『文藝春秋』3月号で、渡辺喜美氏が「わが第三極宣言」を書いている。彼が昨年、自民党を離党してみんなの党を結成したころは冷ややかにみられていたが、民主党政権があっというまにボロボロになり、自民党も生まれ変わる気配が見えないと、彼らに期待せざるをえない。世論調査でも、公明党と並ぶようになった。その政策はかなり心許ないが、相対的にましな党として応援したい。
渡辺氏が公務員制度改革を政策のコアにすえているのは正しいと思うが、財政再建が「埋蔵金」頼りになっているのは困ったものだ。そんなに隠れ財源があるはずもなく、来年度予算の編成でも11兆円しか出てこなかった。埋蔵金とかリフレなどのゲテモノ的な政策は、党の信頼性を疑わせるのでやめたほうがいい。高橋洋一氏以外の経済学者の意見も聞くことを是非おすすめしたい。
ただ経済政策の基本戦略を「規制改革でイノベーションを促進する」という点に置いていることは評価できる。
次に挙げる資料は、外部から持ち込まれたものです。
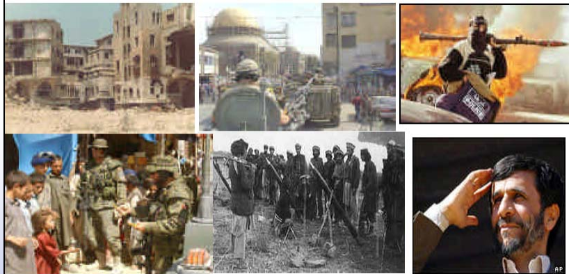
Threat – more complex/dynamic/TIM's/smaller in scale Iran Mahmoud Ahmadinejad
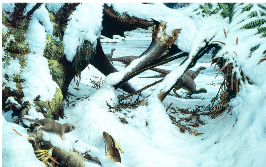
Fig. 15. If a single image can summarise what all the effort by The 700 has led to, it is this painting by Peter Trusler, depicting a winter scene in polar south-eastern Australia during the late Early Cretaceous.
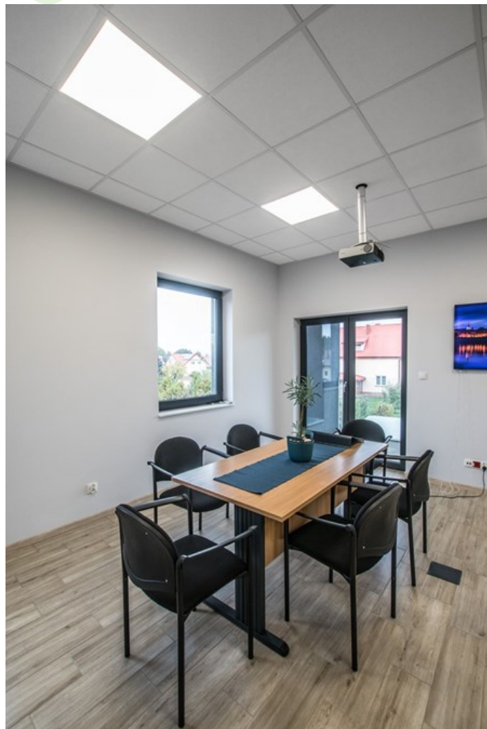
"Elclim" office, Toruń

Modern LED panel dedicated to be mounted on suspended modular ceilings, cardboard suspended ceilings (using adaptive frame), directly on the ceiling (using adaptive frame) or using adaptive frame and suspensions. Equipped with the highly efficient LED sources. Direct light distribution. Luminary body made from steel sheet. PMMA opal diffuser. Colour of luminary - white. CRI>80. Luminary dedicated for the public use structure like offices, conference rooms, classrooms, lecture halls etc.
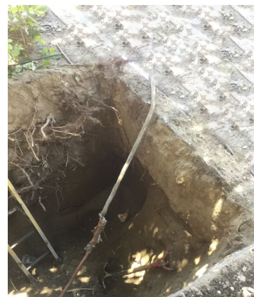
BWSC replaces lead lines through the Lead Incentive Replacement Program.

Students and teachers are gearing up for another adventurous school year. BWSC's educational staff provides year-round, interactive presentations for students of all ages. The program is part of our outreach to schools interested in learning more about how Boston's water, sewer, and storm water systems work.
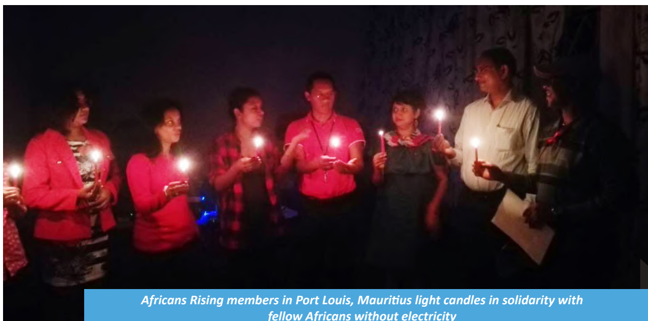
Africans Rising members in Port Louis, Mauritius light candles in solidarity with fellow Africans without electricity
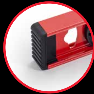
Shock-absorbing rubber end caps
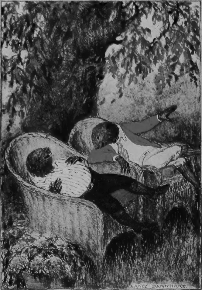
OUT ON THE LAWN, ROARING WITH LAUGHTER
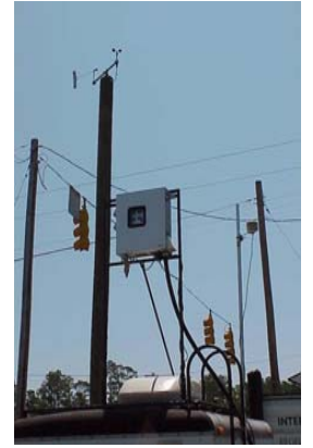
Mercury vapor analyzer and a mercury speciation unit
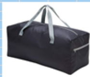
Mannequin tote bag (Foldable Duffel Bag 30" x 75L) Lightweight with Water Resistant for Travel
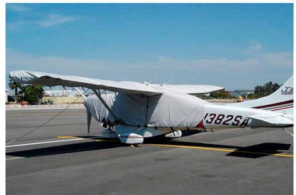
Wing Covers on Cessna 206
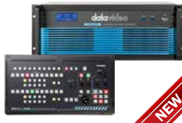
TVS-3000 4K AR 3D Tracking & Trackless
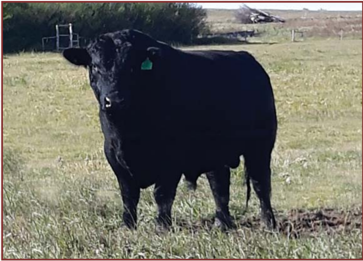
FOUR BAR X ALASKA 264E
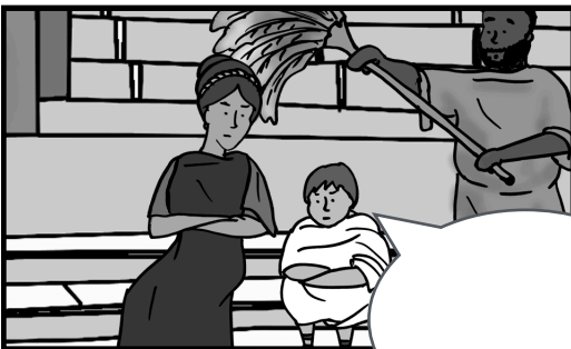
vexat bothers sedes seat
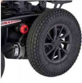
15" drive wheels
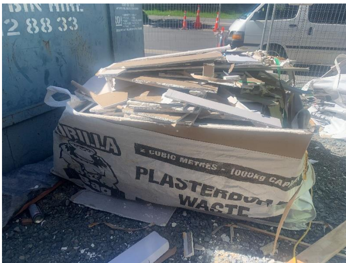
FIGURE 16: 2M3 PLASTERBOARD WASTE BAG READY FOR COLLECTION.
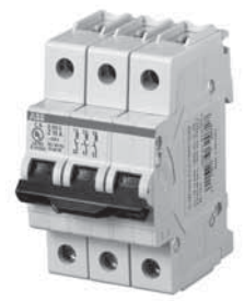
S203U-Z, 3 pole
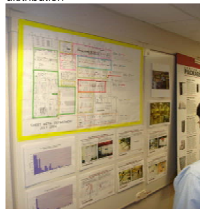
Fig. 2: Rockwell's Sheet Metal Shop innovation boosts throughput.
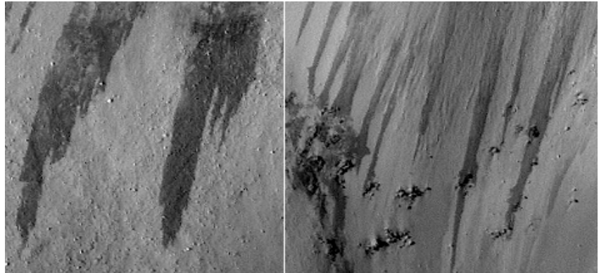
Fig. 2: Slope Streaks in the ADV; Left: digitate streaks, image width 220 m; Right: parallel streaks and effect of local topography at lower left; image width 260 m. Slope is 20-30°, top to bottom.
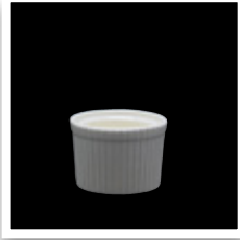
Condiment Dish 5100.F0000.19
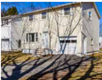
268 Wahl Rd 2 offers. 21 showings.
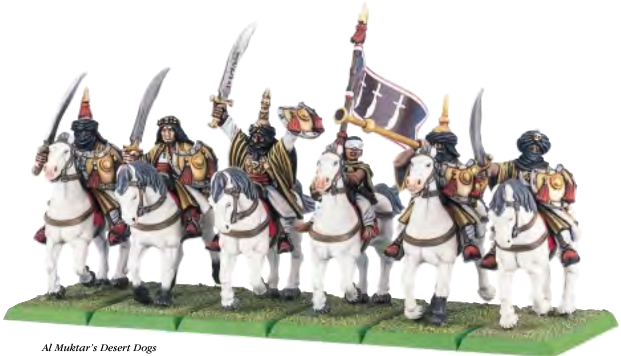
Al Muktar's Desert Dogs
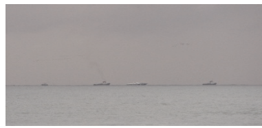
Ministry said the ship sustained critical holes on the left side as it was attacked by "MAGURA V5" combat sea drones, Xinhua news agency reported.

Separately, the Main Intelligence Directorate of the Ukrainian Defense
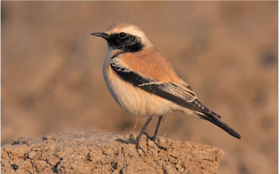
93 Woestijntapuit / Desert Wheatear Oenanthe deserti , mannetje, Burghsluis, Zeeland, 12 november 2011
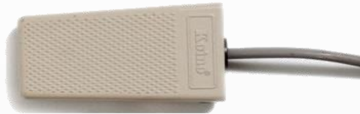
Foot Paddle with cable

渡辺氏もいうように、民主党の所得再分配政策は「タコが自分の足を食っているようなもので、国富を食いつぶしているだけ」であり、「中長期の成長は供給サイドの生産性を上げなければ無理」なのである。この当たり前のことを認識している政党が、一つしかないのは情けない。
鳩山政権の最大の問題は、首相が資本主義をきらっていることだ。NYタイムズ論文で世界中から批判を浴びて「市場原理主義」というときは「行き過ぎた」という修飾語をつけることぐらいは学んだようだが、依然として「行き過ぎた金融資本主義」を批判し、「人間のための経済」という無内容なキャッチフレーズを繰り返している。こういう反企業的な姿勢が、どれほどマーケットの心理を冷え込ませているか、彼は考えたことがあるだろうか。
この点で、渡辺氏が分配より成長を優先しているのは民主党よりましだ。私が彼に提言したいのは、この精神で具体的な税制改革を提案し、財政再建の見通しを明記することだ。特に複雑化した社会保障を整理して負の所得税などの直接給付に集約し、消費税を上げて法人税を下げるなどの改革が必要だ。渡辺氏は「不況期に増税の話はしてはいけない」と考えているようだが、そんなことをいっていたら永遠に増税は論議できない。
ブレア英元首相の有名な言葉にならえば、今の日本に必要なものは3つある:成長、成長、そして成長である。経済が立ち直らない限り、福祉も財政再建も行き詰まる。みんなの党が成長に焦点を合わせた合理的な政策を提案すれば、心ある人々の支持を得ることができるし、経済学者も喜んで助言するだろう。